Both theatre and cinema are important in the final minute of the film: each part of the action seamlessly dissolves into the other, as the camera pulls back, first to witness Pamina and Tamino in an embrace that, in turn, gives way to a theatrical backdrop falling into place. Then the backward moving camera (taking us further and further from the action on stage) shows us Papagena and Papageno also kissing. The couple is circled by a group of small children (possibly the little Papagenas and Papagenos lyrically imagined a few minutes before) until the camera pulls back further to reveal the proscenium arch and a dissolve takes us to the final drop of the curtain and the rise of the audience’s applause.

Behind the scenes

The sound was not actually recorded in synch with the photography. The singers pre-recorded their parts and then lip-synced to the music which was played back as they performed.

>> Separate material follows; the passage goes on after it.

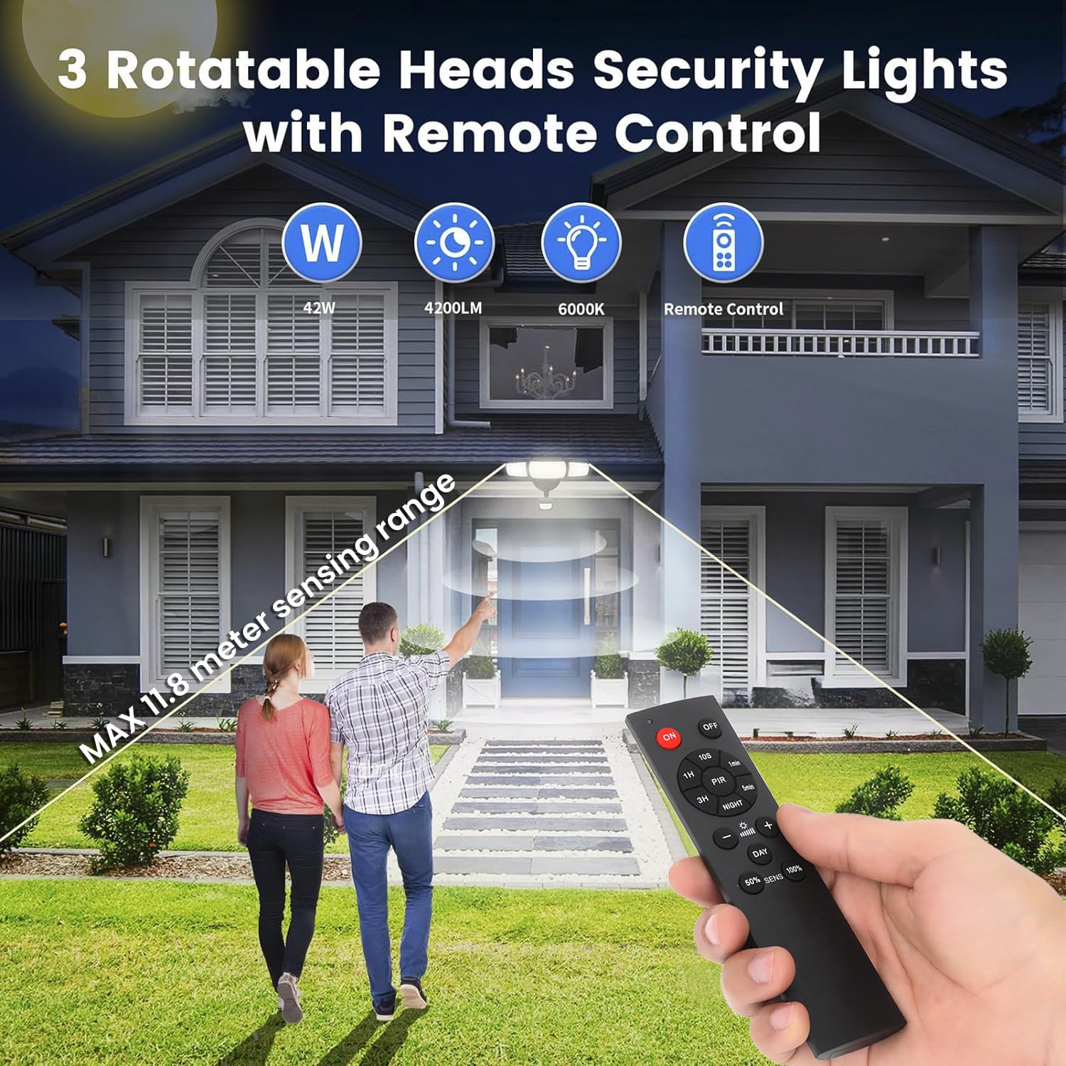TONGLIN Security Light Outdoor, 4200LM 75LED Wiring Motion Sensor Lights, 42W 3-Head Angel Adjustable Flood Light with Remote Control, IP66 Waterproof Garden Light for Porch Patio Driveway Pathway

According to film historian Peter Cowie’s notes for the DVD release of the film[1], Bergman wanted to recreate as closely as possible the original 1791 production in the Theater auf der Wieden in Vienna. He had hoped that the film could be shot in the historic Drottningholm Palace Theatre, one of the few surviving Baroque theatres in the world, and the introductory exterior shots of the film suggest that this is where the opera is filmed. However, the scenery at Drottingholm "was considered too fragile to accommodate a film crew. So the stage – complete with wings, curtains, and wind machines – was painstakingly copied and erected in the studios of the Swedish Film Institute"[2].